Monday, February 28, 2011

May & McWhorter, "A Genealogy of Neoliberalism"

Our Final Questions for McWhorter and May

1. What, in your views, establishes methodological coherence amongst the two essays? We found difficulty finding a single underlying methodology exhibited by both pieces. May argues for a multi-causal approach. McWhorter seems more interested in describing underlying structural (or historically apriori?) resonances or patterns. This sounds potentially problematic for the authors, however a possible explanation can be put in terms of Foucault’s own methodology.
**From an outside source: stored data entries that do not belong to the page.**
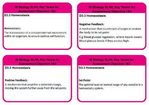 This resource is specifically designed for both IB Biology SL and HL students, focusing on the topic D3.3 HOMEOSTASIS. It aligns with the DP Biology assessment objectives, particularly AO1: Demonstrate knowledge of terminology, facts, and concepts, and AO2: Understand and apply knowledge of terminology and concepts.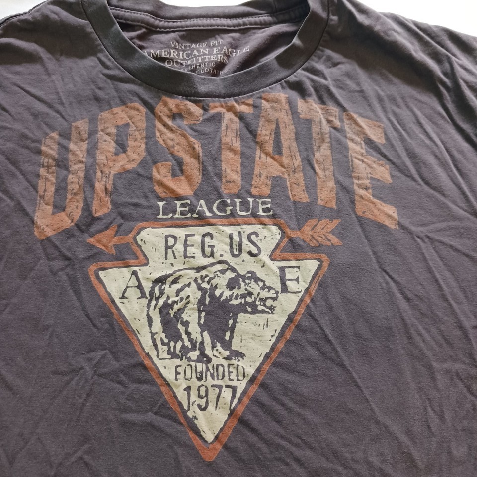 This American Eagle Outfitters T-shirt in gray is perfect for men who want to look stylish and feel comfortable. Made from high-quality cotton, it features a crew neckline and short sleeves, making it suitable for any casual occasion. The vintage fit adds a touch of uniqueness, while the graphic print adds a bit of personality.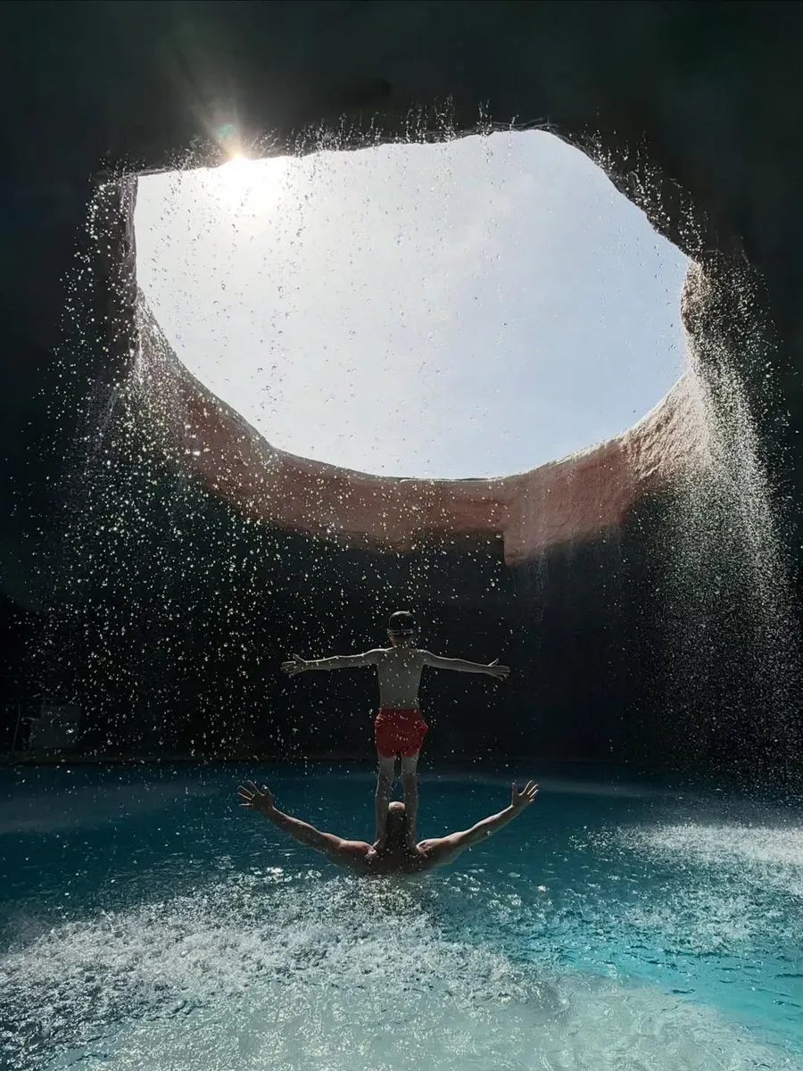 У своєму Instagram Стейтем опублікував серію фото з відпочинку в турецькому Белеку. На знімках він разом із сином Джеком та донькою Ізабеллою плаває у басейні, оформленому як штучна «печера».

We hold (as argued by Koopman in J Phil Hist and in Chap. 1 of forthcoming ms.) that archaeology and genealogy are entirely compatible—archaeology is a methodology that explores deep structural similarities (along a single-vector [e.g., knowledge], Koopman argues) whereas genealogy is a methodological analytic for describing transformations or transitions across time in these stable structural ensembles (across multiple vectors [e.g., power-knowledge], Koopman argues). On this account, genealogy is compatible with archaeology, and can be deployed as a broad analytic of which a given archaeology would be just one part. A genealogy, on this account, is a story about the contingent intersection of a (seemingly) heterogeneous set of archaeologies. So, on this account, McWhorter’s contribution would be best seen one archaeological element that would be part of a broader genealogy that May is outlining.

2. At the end of two very interesting Mondays of discussion we find ourselves very unclear about the status of causality in genealogy and archaeology. McWhorter concludes: “I have not argued that there is any causal connection between the eugenics movement and neoliberalism” (19). But May argues for a move from “a single-explainer model to a multi-causal approach” (9). May embraces causality but McWhorter seems to avoid it.

Is this problematic? It seems so, but perhaps not. For if, as we have suggested above, McWhorter’s piece constitutes an archaeological contribution of one element to a multitude of elements that May’s broader genealogy suggests, then it might follow that the work of causal explication (along multi-causal lines) needs be addressed in May’s genealogy but need not be addressed in McWhorter’s piece.

Further Discussion Notes (Rough) on Todd May, “Approaching Neoliberalism Genealogically”

A. What is the method?

“Neoliberalism is best understood as a dispositif.”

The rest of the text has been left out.